Tuesday, February 14, 2006

"Compassionate" Conservatism, My Ass

I was dismayed to see this article in the New York times today about how the federal government is going to forgo more than $7 billion in royalty payments from oil companies in the next five years for $65 billion in oil and gas pumped from federal (that's taxpayer-owned) territory in the next five years.

In the State of the Union, Bush said Americans were "addicted" to oil and needed to explore alternative fuels, but obviously, this is only lip service. Exxon Mobil had record profits last year of $36 billion thanks to high energy prices, and the government doesn't expect oil prices to drop below $50 a barrel over the next five years, either -- meaning the fat cats are going to stay well fed for years to come. Obviously, they don't need more money.

The irony (and, this time it really is irony) is that the Republicans try to paint themselves as "compassionate conservatives" and their voting base is largely made up of people who identify themselves as "Christian fundamentalists" or "evangelicals." Forgoing money that could go to prop up failing safety-net programs like Social Security, Medicare and Medicaid and letting Exxon Mobile shove it in its bulging wallet doesn't sound very compassionate to me. And "Christian" fundamentalists -- all those so-called "values voters" -- should be ashamed at how the man they voted for wants to spend their money.

Aren't there better things to do with billions of dollars than give it to oil companies whose bank accounts are already threatening to explode like the Exxon Valdez in the Prince William Sound? Let's see if we can find a better place for the money. For all of my Christian fundamentalist readers, let's see what Jesus has to say. What would Jesus do? Huh? You're always asking that.

"If anyone has material possessions and sees his brother in need but has no pity on him, how can the love of God be in him?

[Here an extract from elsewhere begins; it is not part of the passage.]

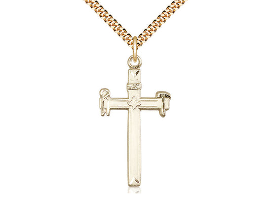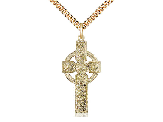 Colgante cruzado Kilklispeen lleno de oro de 14kt en una cadena de acera pesada de placa de oro de 24 pulgadas.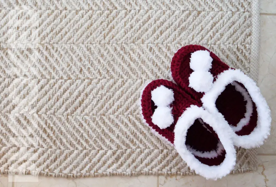 Before you begin, review this page entirely so you understand the full scope of the project. We prepared a list of recommended supplies and abbreviations you’ll need to get started as well as video tutorials and written instructions to walk you through our basic crochet house shoes from start to finish.

Dear children, let us not love with words or tongue but with actions and in truth." 1 John 3:17-18

[Jesus said]: "For I was hungry and you gave me nothing to eat, I was thirsty and you gave me nothing to drink, I was a stranger and you did not invite me in, I needed clothes and you did not clothe me, I was sick and in prison and you did not look after me." They will answer, 'Lord, when did we see you hungry or thirsty or a stranger or needing clothes or sick or in prison, and did not help you?' He will reply, 'I tell you the truth, whatever you did not do for one of the least of these, you did not do for me.' Then they will go away to eternal punishment." Matthew 25:42-46

I wish Christians would worry less about things like gay marriage, abortion and fornication and think more about taking care of people.

So I'm going to go all liberal-media-bias on your ass for a moment. Please indulge me. I have an idea of what we could do with that money instead of giving it to Exxon Mobil et al.

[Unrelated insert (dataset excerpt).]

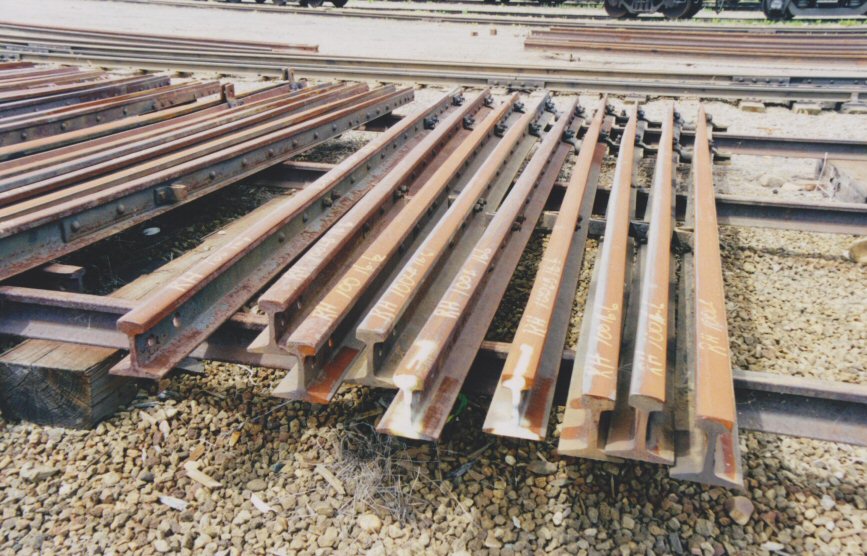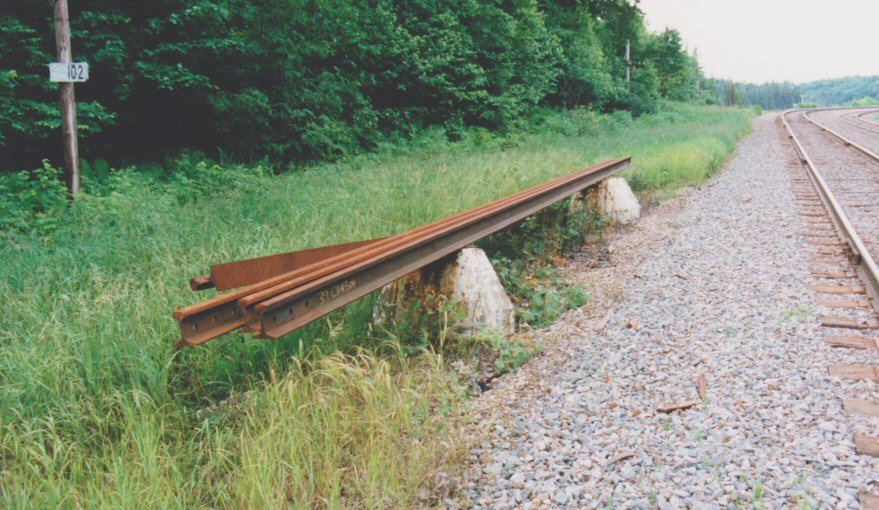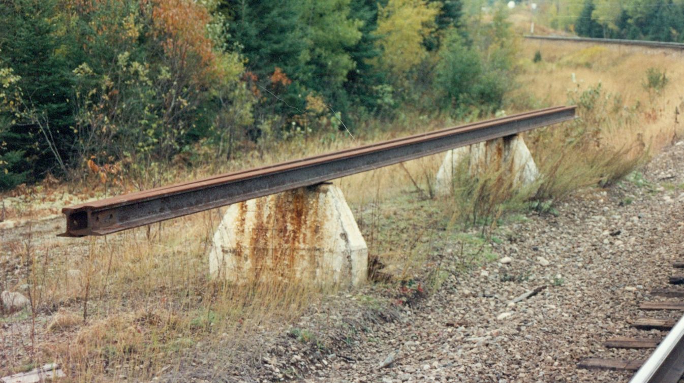 Spare pieces of rail are stored on concrete blocks at various places along the line. First photo is at Frater, second photo is at Searchmont. Blair Smith

According to bread.org, "the UN Development Program estimates that the basic health and nutrition needs of the world's poorest people could be met for an additional $13 billion a year [to what is being spent now]." Incidentally, that's about the same amount that pet owners in the U.S. and Europe spend on dog and cat food every year. We can feed Fluffy and Muffin and Tweety, but poor little Udugu in the Congo can't even get a scoop of porridge. Six million children in developing countries die every year, mostly due to hunger. Even in the U.S., 10% of households skip meals or eat less than they want because they don't have enough money.

Maybe we could take that money and feed some people who are actually hungry, instead of buying more caviar for Exxon execs and the company's shareholders.

I am now stepping off the soapbox. Back to your normally scheduled insipid programming.